阿依古紧紧抿着唇,依旧没有说话,就那样坐在她的软椅上,将双脚都蜷缩上去,换了一个更加舒服的姿势,脸上的表情也没有半分变化,语气凉了空间。
“已然思量过。别无他法。”
纳木罕眯一下眼,略带皱纹的脸上,有一抹难舒的沧桑。
“不!你行事太冲动了。这般还不是时候,太早太早——”
“纳木罕,你还没有看明白吗?前日之事,昨日之事?他已经打定了主意要那个女人。

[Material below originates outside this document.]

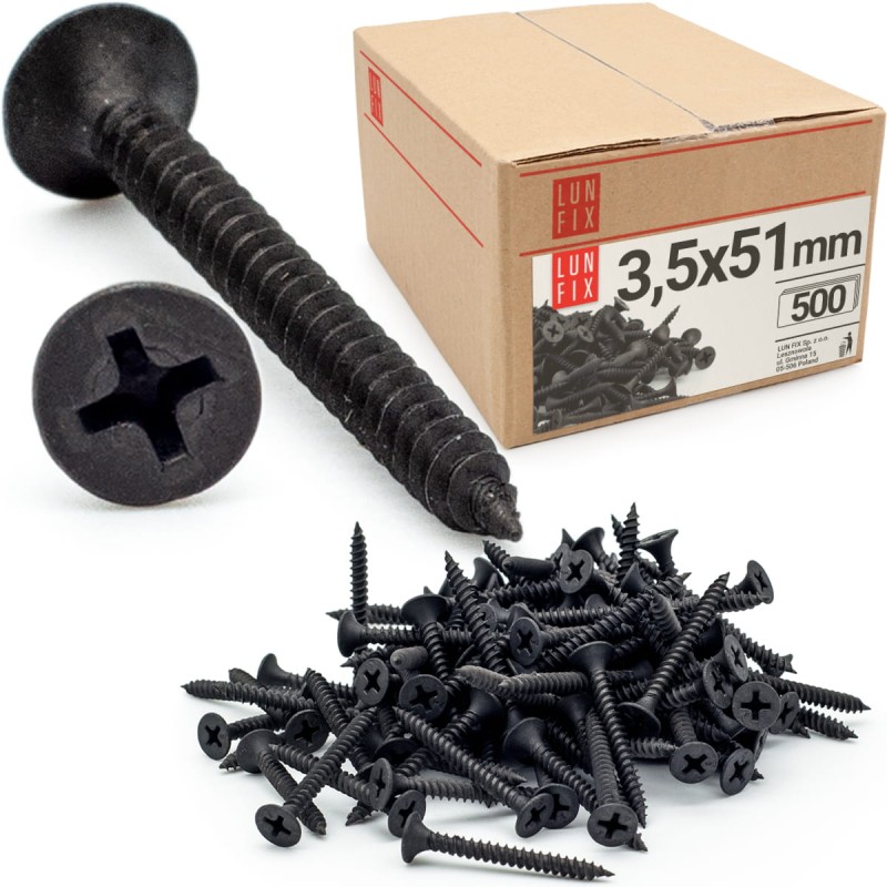 Fosfátované šrouby Lun Fix mají moderní tvar s kuželovou hlavou, která zvyšuje přítlak. Ostré hroty usnadňují průnik skrz hliníkový profil při montáži sádrokartonových stěn. S jejich použitím postavíte pevnou a spolehlivou konstrukci.

祸水啊!原本可以相安无事,我们再从长计议的。可他已经等不及了。前日为了掳她,不惜动用大军,结果平白死了那样多人,还落人口实。”
说到这里,阿依古的身体终于动了。
她欠了欠身,端起面前案几上的茶杯。
呵一口水面,继续沉着嗓子说:“既然这般,他仍未有消停的打算。昨日竟借口称病,不去围猎讲武,独留下她来博弈。他哪里是喜好博弈之人?司马昭之心,路人皆知,借机勾搭也就罢了,竟还册封为义妹?我北勐添一个公主,你以为会有什么好事?苏赫对那女子看得极紧,他这般步步逼迫,下面会打什么主意?不需我说,相必纳木罕你已心知肚明了吧?”
纳木罕目光一寒。
“可他是帝王。”
“帝王又如何?”阿依古声音凉凉,“拉木拉尔原本也可以做帝王,达尔扎也差一点做帝王,轮到他,又是谁之功劳?我推得了他上位,难道还拉不得他下马?”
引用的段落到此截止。